Calvin Trillin, author of American Fried, Alice, Let’s Eat and Third Helpings about adventures in dining out, described being asked by non-New Yorkers, “How can you live there?” and replying “We like to eat.”
Can’t find Hungarian food here for like a decade or more. So that’s one that I’ve always looked for. I’m almost surprised as Hungarian food fits with old school Chicago fare, lots of meat, potatoes, starches. The Epicurean Hungarian and Paprikash were the last two restaurants around here. I just recently discovered some Georgian places that I’ve been looking ages for out in Wheeling, but that’s a little bit of a haul from where I’m at in the city. Same with Burmese, but there’s a place out in Wheaton that has that. (At least I think it’s still there.) Wish there was a place with New Mexican cuisine. Not sure I’ve seen Bengali food around here
It’s interesting, because DC’s food scene was pretty bad 15 years ago. Much much better in the last 10 although the most disappointing meal of my life was in a Michelin star restaurant in DC.
Chicago is a great restaurant city. “Best in the world” is an exaggeration, but perfectly fine to call out the food scene in describing the city.
Ya know, thinking about it, I’ll upgrade it from B+ to A-. It’s not NYC level, but hardly anything is. I’m happy with all we’ve got, especially our various Mexican foods and Mexican regional specialties. Far better than anything I’ve had in NYC (with good reason, given the two cities’ population) and I’ve even preferred it to anything I’ve found out West, at least in terms of variety.
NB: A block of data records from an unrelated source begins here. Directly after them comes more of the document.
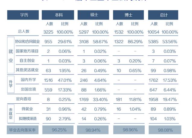 看了一下復(fù)旦大學(xué)2021屆畢業(yè)生的就業(yè)情況,哎呀,看來(lái)這復(fù)旦大學(xué)的畢業(yè)生就業(yè)情況可是相當(dāng)可以啊! 首先,咱們看看這人數(shù),2021屆畢業(yè)生可是一共有10054人呢!其中本科畢業(yè)生3225人,碩士畢業(yè)生5297人,博士畢業(yè)生也不少,有1532人。這人數(shù)可真是堪比一場(chǎng)大戰(zhàn)啊! 再來(lái)說(shuō)說(shuō)這就業(yè)情況,截至2021年10月31日,整體畢業(yè)去向落實(shí)率可是高達(dá)98.08%!其中本科生畢業(yè)去向落實(shí)率為96.25%,碩士生為98.94%,博士生也不甘示弱,達(dá)到了98.96%。看來(lái)大家都是找工作的高手啊!
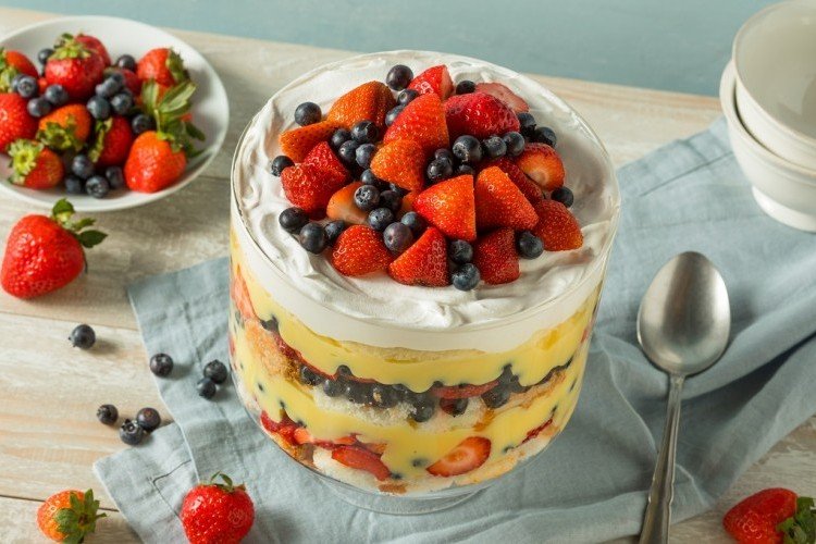 يُعدّ الترايفل بالفواكه من أشهى وأجمل أنواع الحلويات الباردة، التي تُقدَّم عادة في المناسبات والعزائم أو كتحلية خفيفة بعد الوجبات. يتميز هذا الطبق بطبقاته الملونة والمنسقة من الكيك، والكريمة، والفواكه الطازجة، مما يجعله مزيجًا رائعًا من المذاق والمنظر.
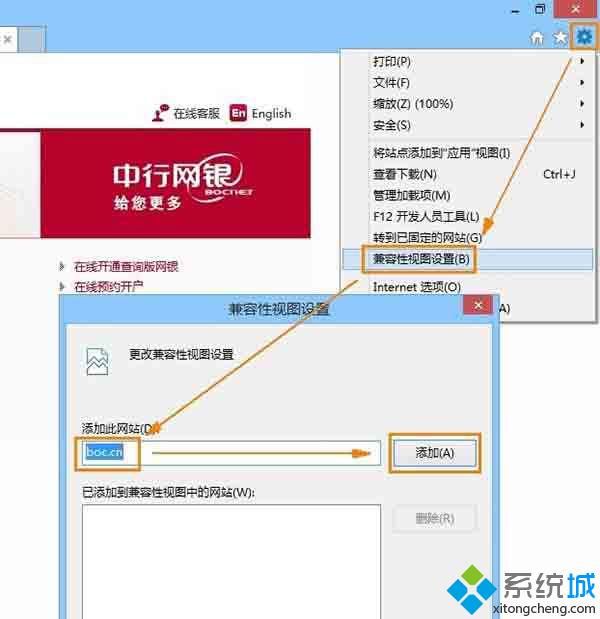 此方法以后每次登陆中国银行网银都要先这样操作一次,那么我们还可以将该网址加入到兼容性视图列表,就一劳永逸了。具体操作方法如下:

If having rich international-cuisine options is de rigeur, though … New Orleans suffers a bit. We’ve got “the basics” of non-Western-European cuisine – Mexican/Central American, Chinese, Japanese, Middle Eastern/Greek, Indian, Thai. I don’t know if Vietnamese counts among “the basics”, but we have lots of good Vietnamese. And of course very good French and Italian food, plus a smattering of Iberian Spanish places.
We just started getting Ethiopian and Colombian places. Only two apiece, I think.
We have practically none of:
Korean
Burmese
German
Eastern European
Scandinavian
Bengali would be mixed in with “Indian”, I think – our Indian places are essentially pan-Indian.
Now, of course, New Orleans and south Louisiana’s home-grown cuisines makes up for a lot.
Toronto is pretty damn good with a vibrant immigrant community - more than 50% of Torontonians weren’t born here.
I live in mid-town Toronto and there are probably 50 sub-national - I mean Punjabi instead of Indian, Tuscan rather than Italian - restaurants within a 15-20 minute walk of my house.